§ PROBLEM TO WORK ON
Your output should be exactly the lines from the one containing "For a rainbow-flavored" through the final line of the records, both included, with every picture left out.
━━━ DATA TO PROCESS
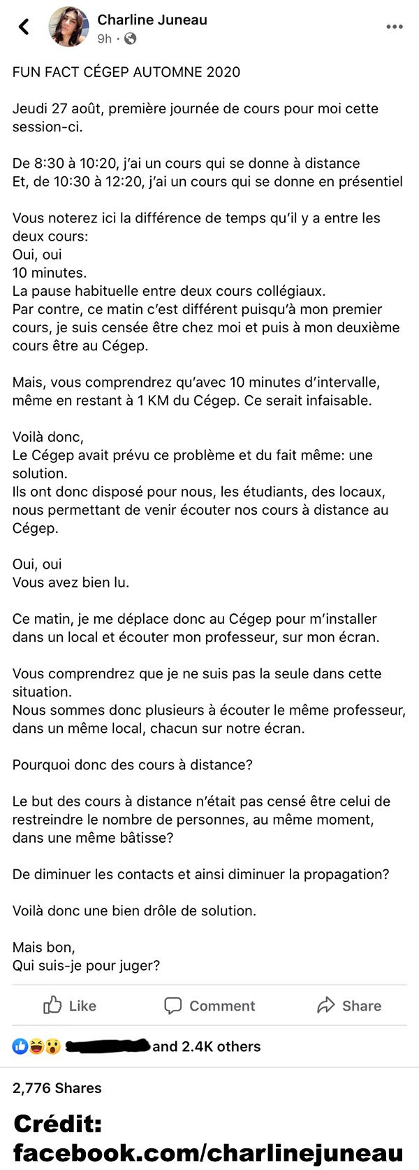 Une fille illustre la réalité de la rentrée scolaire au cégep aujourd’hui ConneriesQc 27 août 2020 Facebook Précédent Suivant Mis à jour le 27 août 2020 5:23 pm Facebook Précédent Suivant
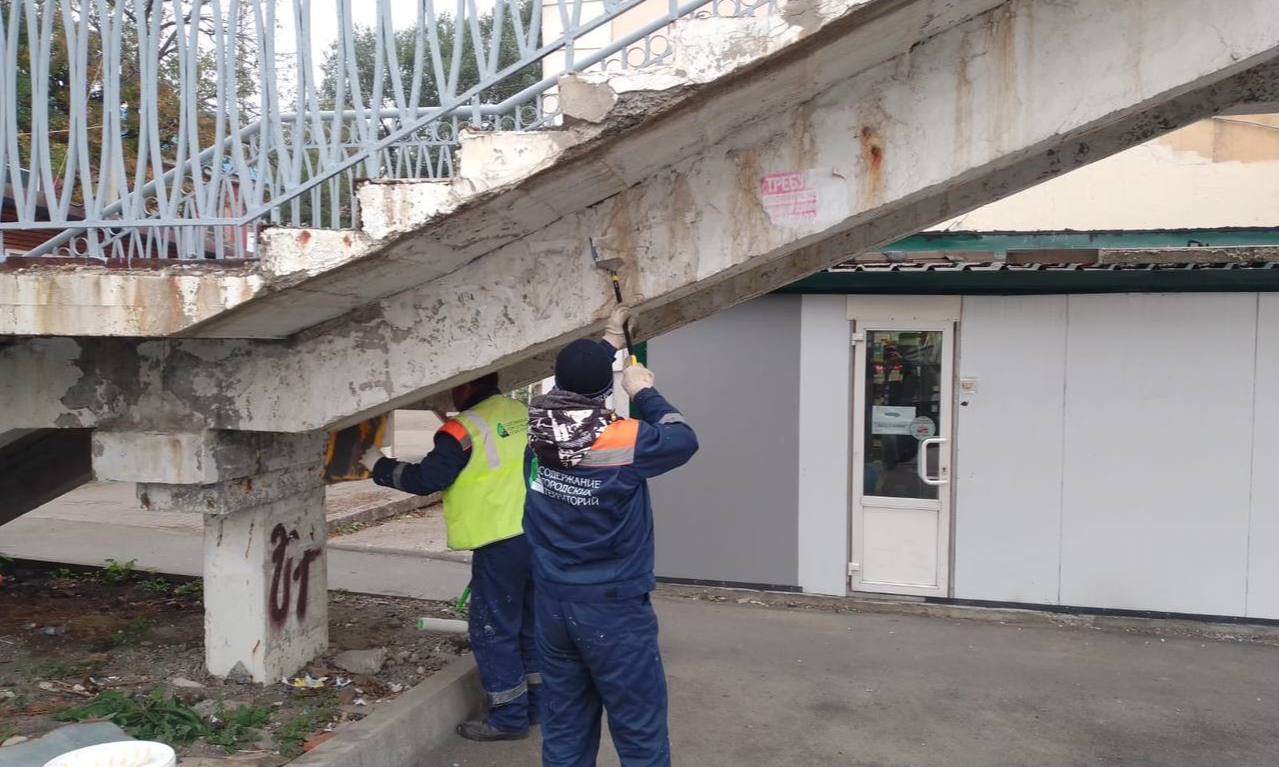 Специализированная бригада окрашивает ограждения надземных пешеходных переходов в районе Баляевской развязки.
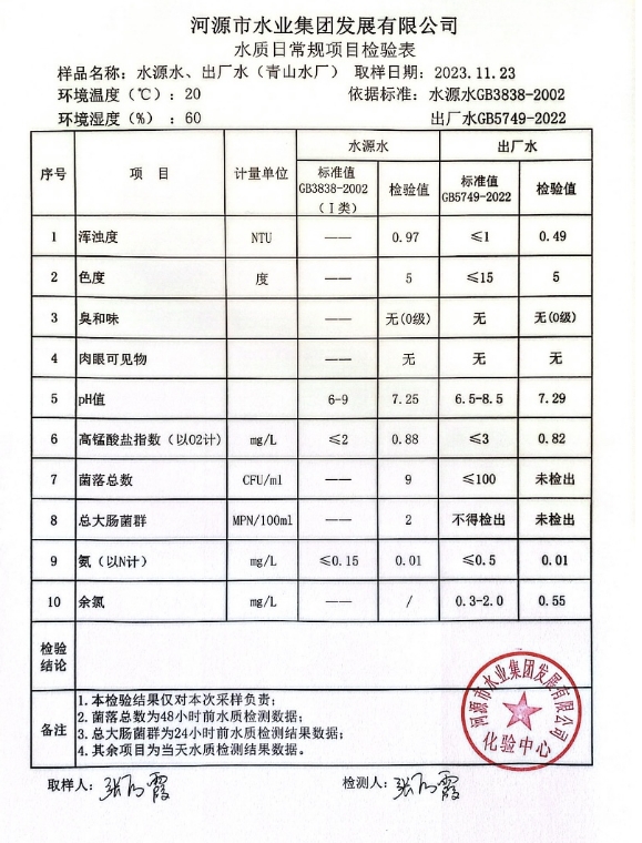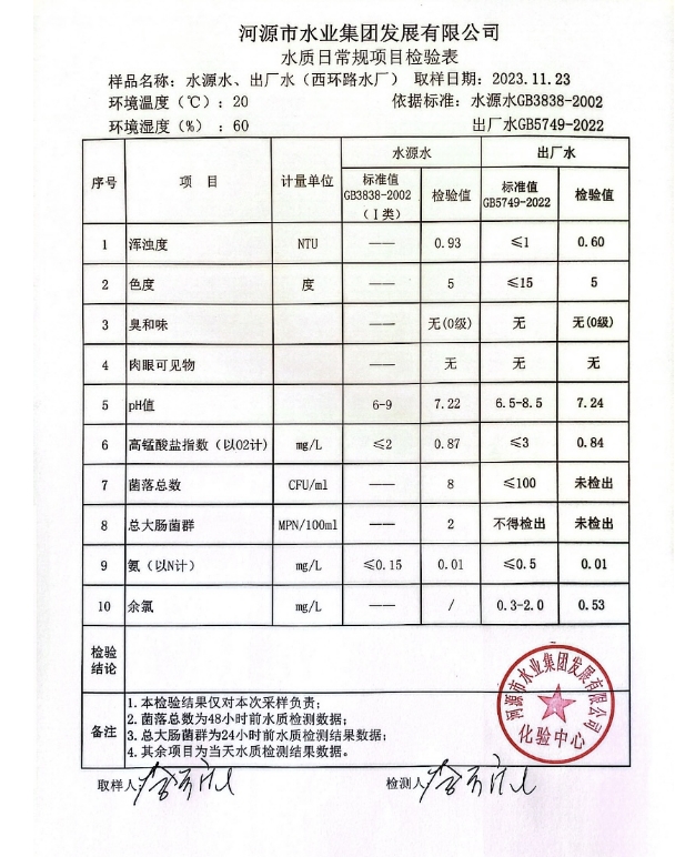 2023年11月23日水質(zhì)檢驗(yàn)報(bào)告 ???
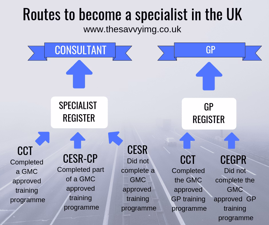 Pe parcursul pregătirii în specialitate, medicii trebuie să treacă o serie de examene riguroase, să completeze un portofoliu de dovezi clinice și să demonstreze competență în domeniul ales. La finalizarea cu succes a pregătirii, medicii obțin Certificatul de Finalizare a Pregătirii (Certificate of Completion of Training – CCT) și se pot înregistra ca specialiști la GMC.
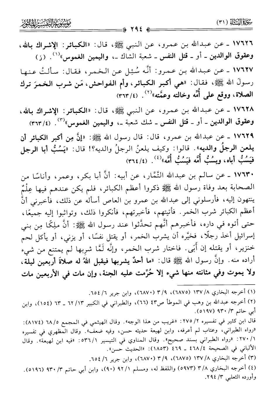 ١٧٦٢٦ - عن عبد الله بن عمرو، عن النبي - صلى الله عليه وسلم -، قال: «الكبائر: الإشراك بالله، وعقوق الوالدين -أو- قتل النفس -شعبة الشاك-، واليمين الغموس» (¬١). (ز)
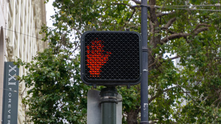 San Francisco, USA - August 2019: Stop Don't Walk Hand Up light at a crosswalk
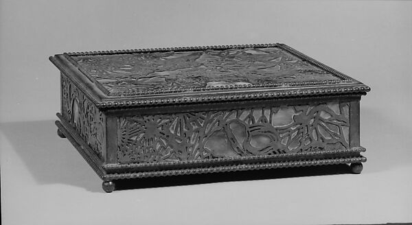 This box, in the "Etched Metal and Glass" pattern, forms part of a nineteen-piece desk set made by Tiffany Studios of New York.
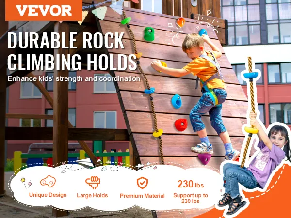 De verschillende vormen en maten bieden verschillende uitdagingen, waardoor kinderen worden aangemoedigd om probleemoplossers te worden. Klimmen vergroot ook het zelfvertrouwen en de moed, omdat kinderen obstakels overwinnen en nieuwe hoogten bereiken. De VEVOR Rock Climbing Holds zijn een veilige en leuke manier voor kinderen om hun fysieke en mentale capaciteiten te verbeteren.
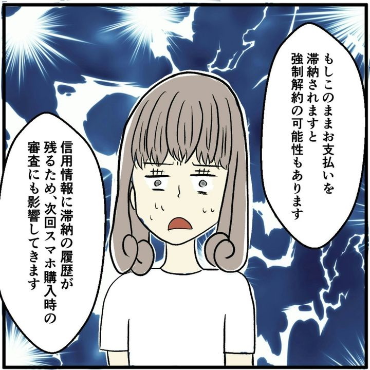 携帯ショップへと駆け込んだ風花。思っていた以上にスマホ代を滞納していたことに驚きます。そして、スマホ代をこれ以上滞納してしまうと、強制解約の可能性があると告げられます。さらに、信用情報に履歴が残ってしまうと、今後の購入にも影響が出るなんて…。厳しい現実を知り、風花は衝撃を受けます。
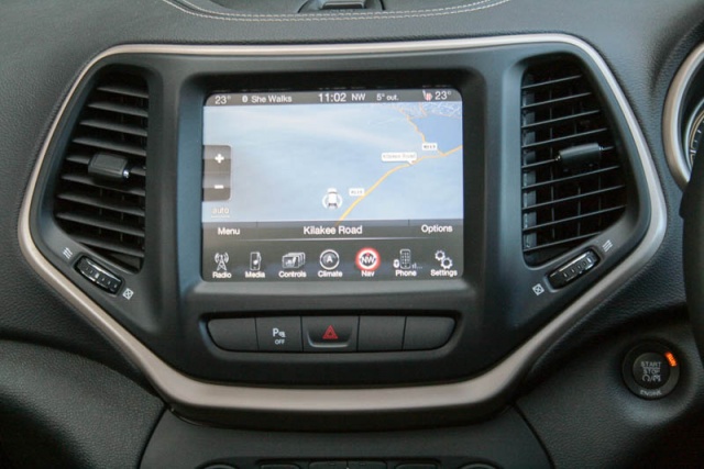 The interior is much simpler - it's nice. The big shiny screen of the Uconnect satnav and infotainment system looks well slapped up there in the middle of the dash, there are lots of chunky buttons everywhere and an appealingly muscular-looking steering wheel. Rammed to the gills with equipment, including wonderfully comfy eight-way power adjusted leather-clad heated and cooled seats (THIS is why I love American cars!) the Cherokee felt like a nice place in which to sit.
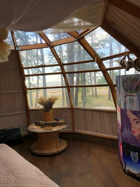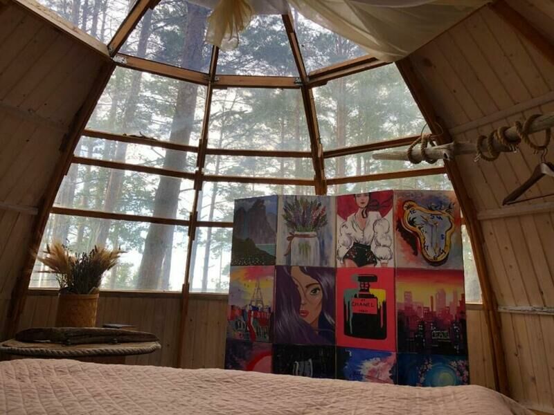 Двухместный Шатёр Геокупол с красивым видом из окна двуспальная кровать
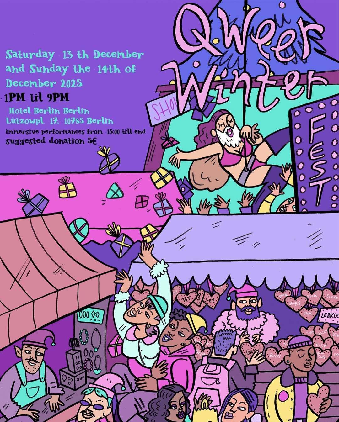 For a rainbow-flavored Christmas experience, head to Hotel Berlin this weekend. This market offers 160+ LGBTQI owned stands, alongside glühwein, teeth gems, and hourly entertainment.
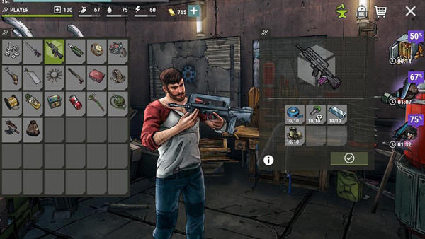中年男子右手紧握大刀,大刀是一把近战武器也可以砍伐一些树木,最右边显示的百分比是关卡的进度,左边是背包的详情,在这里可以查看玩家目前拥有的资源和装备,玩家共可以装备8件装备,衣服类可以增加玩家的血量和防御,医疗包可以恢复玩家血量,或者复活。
━━━━━━
§ EXERCISE ANSWER
 For a rainbow-flavored Christmas experience, head to Hotel Berlin this weekend. This market offers 160+ LGBTQI owned stands, alongside glühwein, teeth gems, and hourly entertainment.
中年男子右手紧握大刀,大刀是一把近战武器也可以砍伐一些树木,最右边显示的百分比是关卡的进度,左边是背包的详情,在这里可以查看玩家目前拥有的资源和装备,玩家共可以装备8件装备,衣服类可以增加玩家的血量和防御,医疗包可以恢复玩家血量,或者复活。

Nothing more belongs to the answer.